• Records shown:
——————————
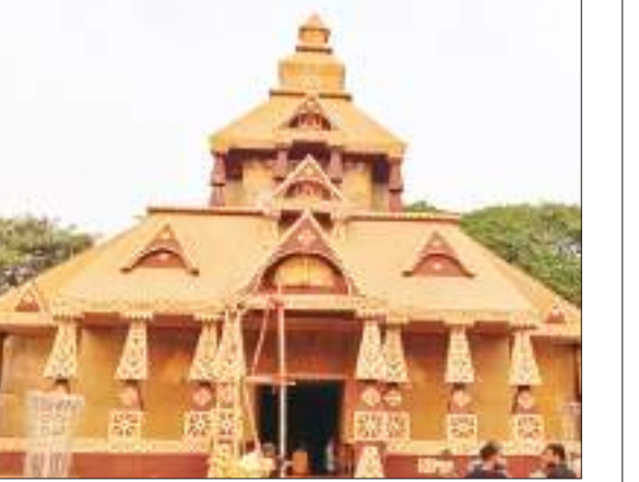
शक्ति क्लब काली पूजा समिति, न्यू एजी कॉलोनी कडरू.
——————————
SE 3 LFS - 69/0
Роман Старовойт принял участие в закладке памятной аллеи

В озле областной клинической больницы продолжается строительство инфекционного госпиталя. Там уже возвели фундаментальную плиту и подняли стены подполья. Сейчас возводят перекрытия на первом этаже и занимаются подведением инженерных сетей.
——————————
• Exercise prompt:
Among the records above, only the lines between the line holding "Роман Старовойт принял" and the line holding "В озле областной", inclusive, are to be output, exactly as written.

• Answer section:
Роман Старовойт принял участие в закладке памятной аллеи

В озле областной клинической больницы продолжается строительство инфекционного госпиталя. Там уже возвели фундаментальную плиту и подняли стены подполья. Сейчас возводят перекрытия на первом этаже и занимаются подведением инженерных сетей.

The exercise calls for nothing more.